═════ Listed records ═════

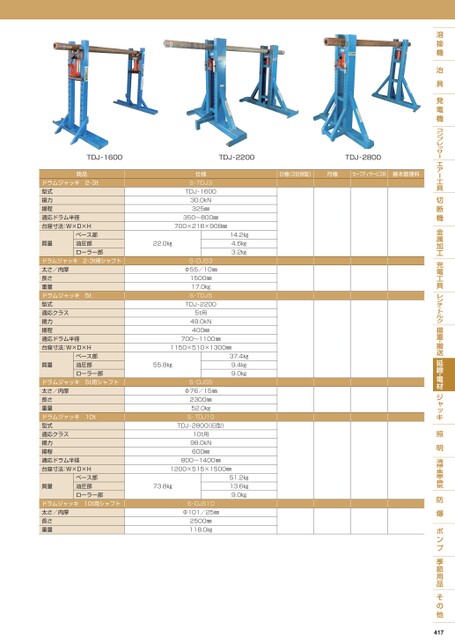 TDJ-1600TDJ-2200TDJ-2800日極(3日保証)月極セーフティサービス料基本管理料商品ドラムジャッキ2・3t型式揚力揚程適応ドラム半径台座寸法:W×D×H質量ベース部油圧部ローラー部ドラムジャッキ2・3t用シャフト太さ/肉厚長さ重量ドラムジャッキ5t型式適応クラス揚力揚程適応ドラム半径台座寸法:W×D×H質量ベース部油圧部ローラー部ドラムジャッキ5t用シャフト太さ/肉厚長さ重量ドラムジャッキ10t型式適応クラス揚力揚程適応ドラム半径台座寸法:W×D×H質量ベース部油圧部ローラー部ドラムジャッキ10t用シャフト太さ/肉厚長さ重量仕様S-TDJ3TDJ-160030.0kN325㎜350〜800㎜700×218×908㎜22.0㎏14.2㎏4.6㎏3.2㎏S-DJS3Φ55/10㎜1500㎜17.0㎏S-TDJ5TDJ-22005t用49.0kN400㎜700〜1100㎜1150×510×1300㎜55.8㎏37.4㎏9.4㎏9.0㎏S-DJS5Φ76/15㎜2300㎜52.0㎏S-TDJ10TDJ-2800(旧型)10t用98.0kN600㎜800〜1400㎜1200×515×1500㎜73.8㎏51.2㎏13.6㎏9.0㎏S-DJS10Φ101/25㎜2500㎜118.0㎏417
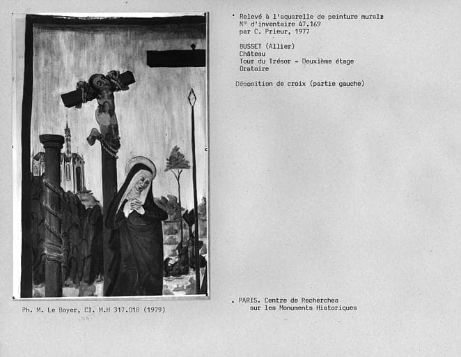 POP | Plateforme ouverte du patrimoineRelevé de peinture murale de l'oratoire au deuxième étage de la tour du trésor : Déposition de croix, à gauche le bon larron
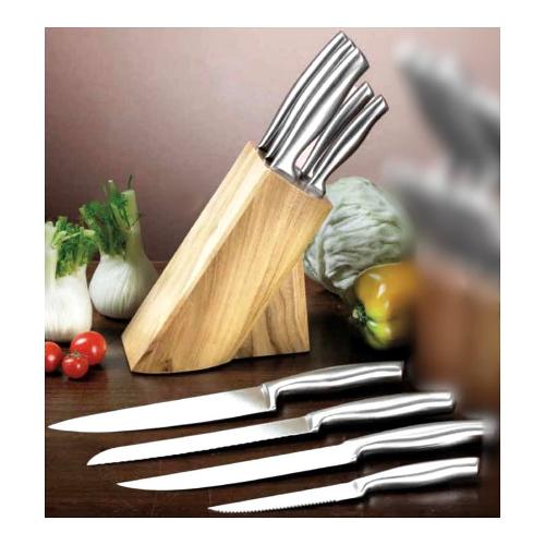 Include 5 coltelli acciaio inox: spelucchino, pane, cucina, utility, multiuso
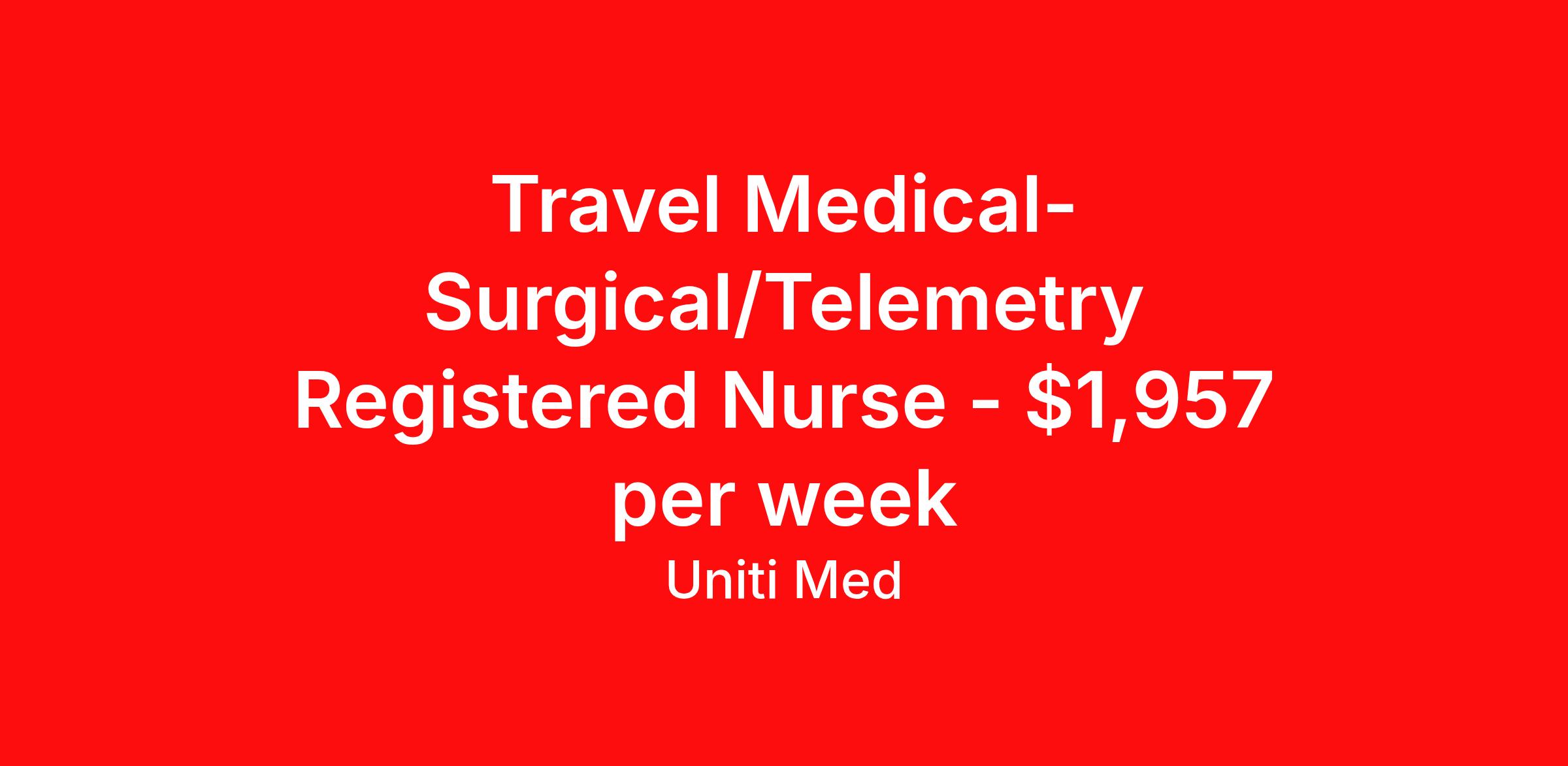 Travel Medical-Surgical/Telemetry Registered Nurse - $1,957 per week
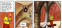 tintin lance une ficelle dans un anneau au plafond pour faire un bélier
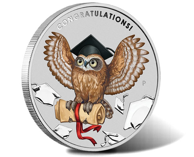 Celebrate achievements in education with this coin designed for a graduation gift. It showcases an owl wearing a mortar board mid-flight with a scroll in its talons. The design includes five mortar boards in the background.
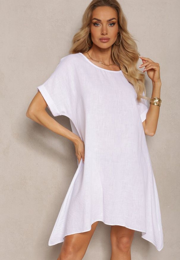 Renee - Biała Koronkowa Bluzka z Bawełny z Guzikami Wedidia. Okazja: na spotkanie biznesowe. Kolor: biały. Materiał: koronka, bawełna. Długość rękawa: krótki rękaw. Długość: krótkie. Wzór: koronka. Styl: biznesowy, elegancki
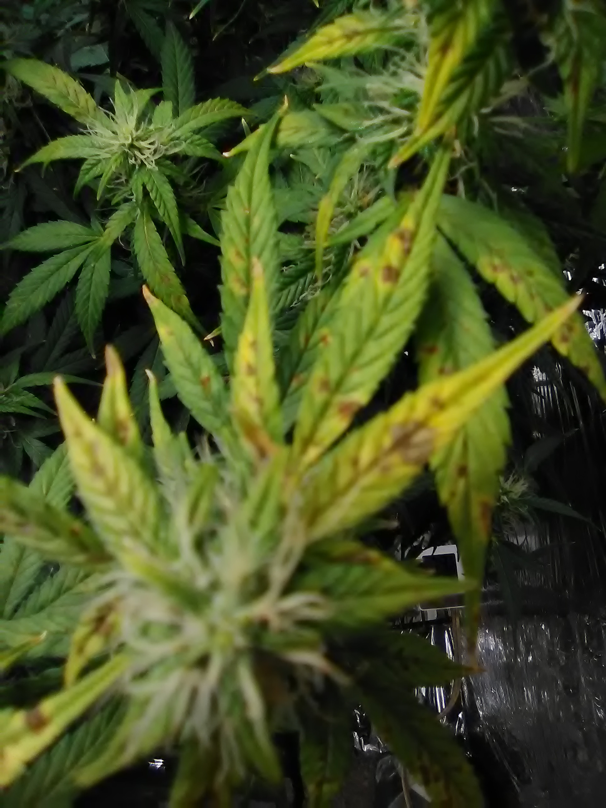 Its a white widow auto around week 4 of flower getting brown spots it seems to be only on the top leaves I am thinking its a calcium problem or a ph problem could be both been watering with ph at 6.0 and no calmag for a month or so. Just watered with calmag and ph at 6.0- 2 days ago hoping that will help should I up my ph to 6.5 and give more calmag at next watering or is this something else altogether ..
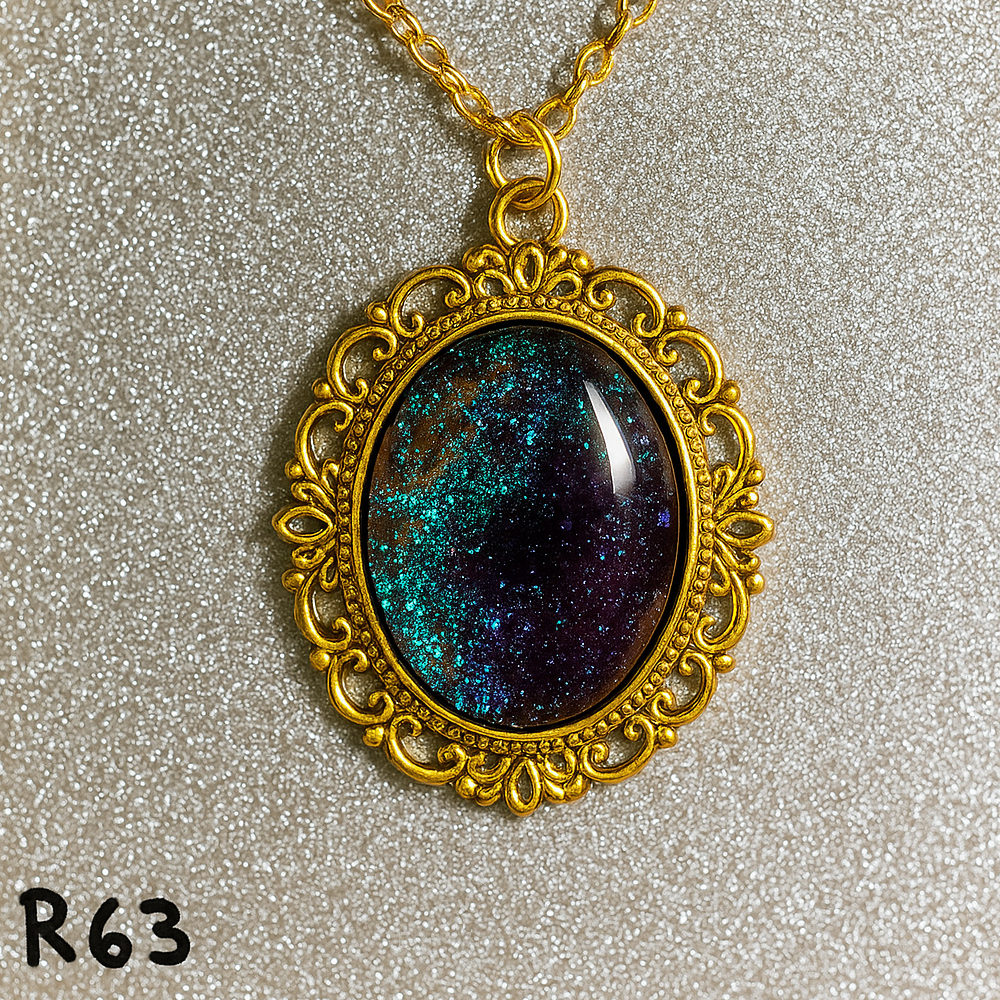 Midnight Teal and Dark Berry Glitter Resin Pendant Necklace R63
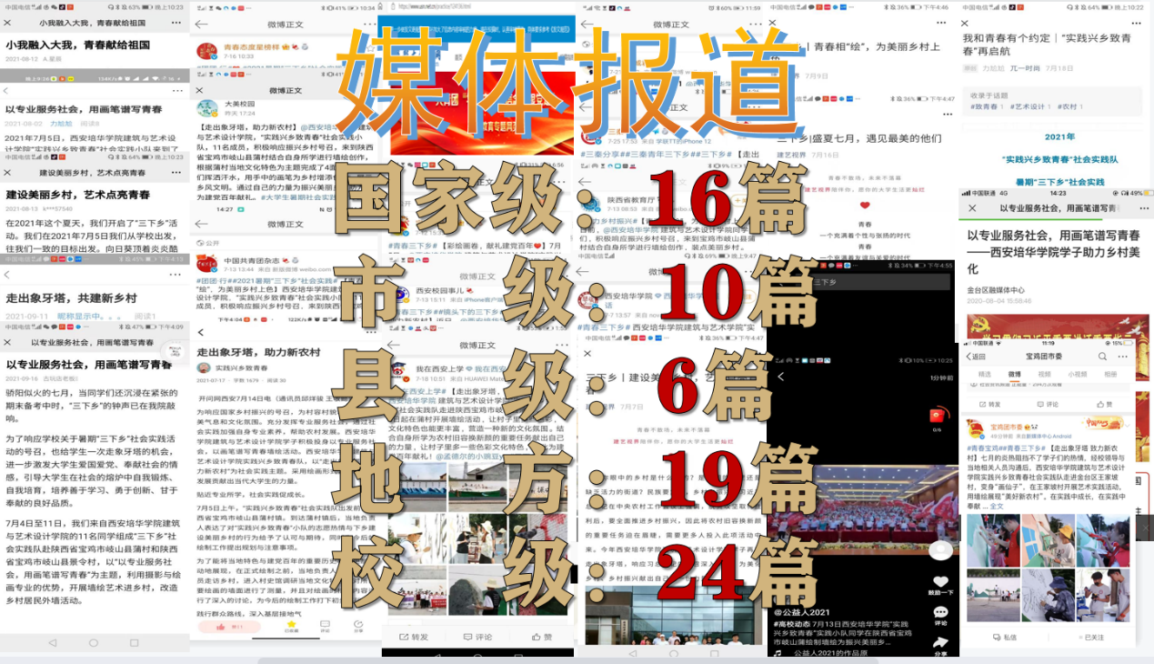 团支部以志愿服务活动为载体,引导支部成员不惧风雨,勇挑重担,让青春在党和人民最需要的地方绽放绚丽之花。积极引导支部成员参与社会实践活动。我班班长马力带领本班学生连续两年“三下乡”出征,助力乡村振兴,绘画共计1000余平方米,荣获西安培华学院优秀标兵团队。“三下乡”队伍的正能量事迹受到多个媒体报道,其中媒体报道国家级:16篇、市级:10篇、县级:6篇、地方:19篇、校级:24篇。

═════

**Required work:** Exactly as written, repeat the lines of the material above from the first through the line holding "Include 5 coltelli", with both ends in the copy and no pictures.

**Completed exercise:**
 TDJ-1600TDJ-2200TDJ-2800日極(3日保証)月極セーフティサービス料基本管理料商品ドラムジャッキ2・3t型式揚力揚程適応ドラム半径台座寸法:W×D×H質量ベース部油圧部ローラー部ドラムジャッキ2・3t用シャフト太さ/肉厚長さ重量ドラムジャッキ5t型式適応クラス揚力揚程適応ドラム半径台座寸法:W×D×H質量ベース部油圧部ローラー部ドラムジャッキ5t用シャフト太さ/肉厚長さ重量ドラムジャッキ10t型式適応クラス揚力揚程適応ドラム半径台座寸法:W×D×H質量ベース部油圧部ローラー部ドラムジャッキ10t用シャフト太さ/肉厚長さ重量仕様S-TDJ3TDJ-160030.0kN325㎜350〜800㎜700×218×908㎜22.0㎏14.2㎏4.6㎏3.2㎏S-DJS3Φ55/10㎜1500㎜17.0㎏S-TDJ5TDJ-22005t用49.0kN400㎜700〜1100㎜1150×510×1300㎜55.8㎏37.4㎏9.4㎏9.0㎏S-DJS5Φ76/15㎜2300㎜52.0㎏S-TDJ10TDJ-2800(旧型)10t用98.0kN600㎜800〜1400㎜1200×515×1500㎜73.8㎏51.2㎏13.6㎏9.0㎏S-DJS10Φ101/25㎜2500㎜118.0㎏417
 POP | Plateforme ouverte du patrimoineRelevé de peinture murale de l'oratoire au deuxième étage de la tour du trésor : Déposition de croix, à gauche le bon larron
 Include 5 coltelli acciaio inox: spelucchino, pane, cucina, utility, multiuso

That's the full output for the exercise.